Thermostatic politics is the political science term for how the public predictably reacts to changes in government spending, say for defense or education, by adjusting its “thermostat” in the opposite direction. If spending gets too "hot," the public will "cool" down and express a desire for less spending relative to the current level, and vice versa.
Part of doing politics as an elected leader, the literature on the thermostat says, is figuring out the tough math of how much the public’s preferences for relative changes in spending trade off with their preferences for absolute levels of spend. The public may say it wants “hotter” defense spending, but does than mean a $200 billion increase or $200 million? And does that satisfy their desires for a strong military, and the funding required to accomplish that goal?
Or, to make this more relevant: When the public tells you it wants a secure border and to deport violent criminal illegal immigrants, does that mean you only deport violent criminals, or do you include legal residents with children and no criminal records, too? When the country elects you to do a 2017-2019 economy again, do you ease supply pressures and incentivize building to bring prices down, or do you nuke the dollar and 40% of container traffic with China? Ah, choices…

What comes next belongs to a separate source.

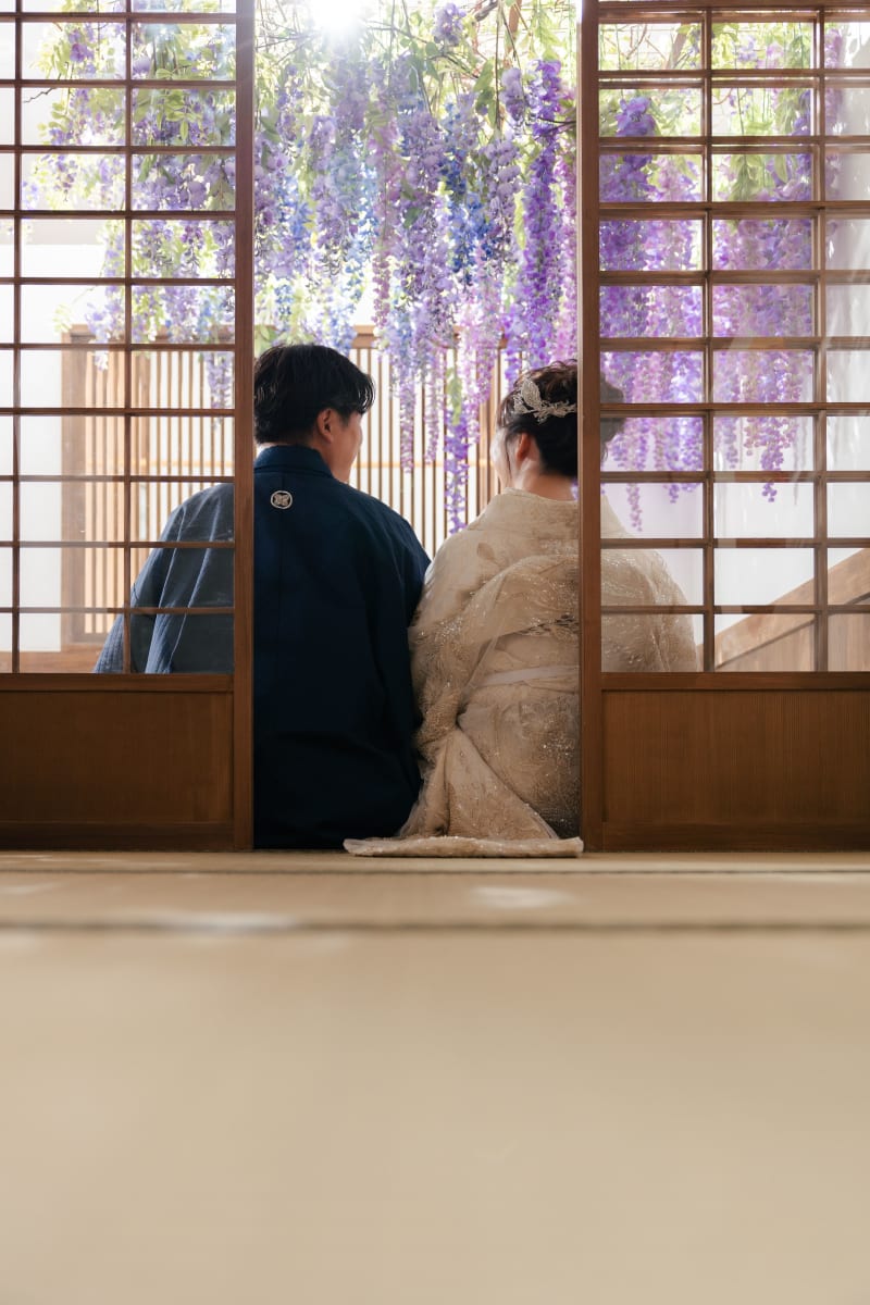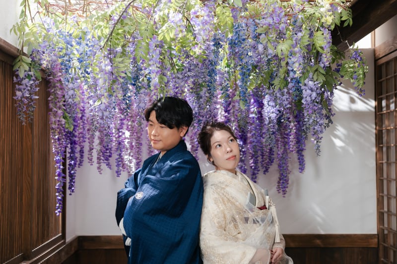 まずは屋内庭園から!藤の花と一緒に撮影希望だったお二人!

Usually, thermostatic politics is invoked when discussing spending or mass trust in the parties to handle any issue. But I would posit that here, we may be seeing a thermostatic reaction on issue salience/party prioritization, too. Now that a Republican is in the White House, the thinking might go, the average Republican may be less worried about issues they trust Republicans more to handle, and more concerned about Democratic-leaning ones. Under this theory, around periods of political change (including changes in the party that controls the White House, House, and Senate), we should naturally see a decrease in salience for the issues that the new incumbent leads on, and an increase in the salience of issues on which the public trusts the opposition more.

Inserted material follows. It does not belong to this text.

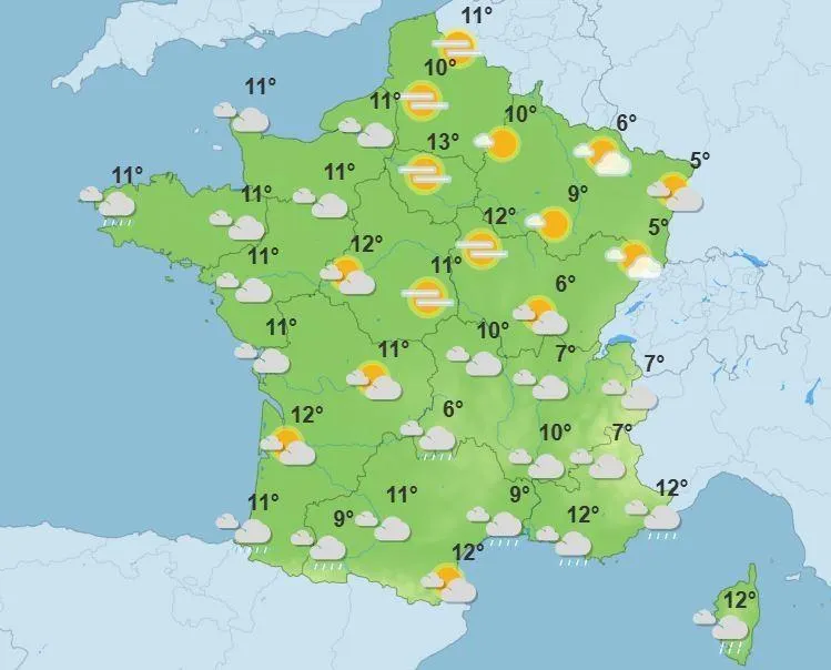 Côté températures, les minimales sont comprises entre -2 et 2 °C de l’Auvergne au Nord-Est et jusqu’à 6 à 9 °C près du littoral. « Les maximales affichent 8 à 12 degrés sur le pays », précise Météo-France.
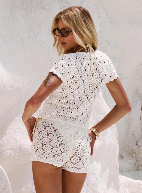 Crochet matching set Button-up top, round neckline, cap sleeves, micro shorts, elasticated waistband, pocketless, mesh, low-rise fit Non-stretch material, unlined 60% cotton 40% acrylic Cold gentle machine wash Length of size US 2 / AU 6 waist to hem: 28cm / 11in

That's just a theory, though. And when you're coming up with theories, it usually helps to focus on clean mechanisms with lots of data. There is of course a cleaner explanation right now, one that the Ockhamites will favor, and that is simply this: Trump badly mismanaged trade and the economy and deported people the public didn't want deported, so now they are worried about the economy and less worried about him deporting the other people they originally wanted him to deport. Executive overreach has the people signaling for cooler policy.
The upshot of that is also pretty straightforward. The shift in issue approvals and salience gives Democrats a lot of room to maneuver on both the economy/inflation, where they lead and where the public is paying a lot of attention to Republicans' missteps, and on immigration, where Democrats have a smaller lead but where salience has also fallen.
Based on these data, I think Trump has had the worst first 100 days for a president ever — even worse than in his first term. And these trends show no sign of improving on their own.
GEM: Your issue-salience analysis is especially interesting today. Thanks for including it.
Thanks Elliott, very interesting!Have you calculated PSA over multiple years and presidencies? In particular, do you have the same calculations at the beginning of Trumps first term, heading into 2018 / 2022 midterms and into 2020 / 2024 general elections?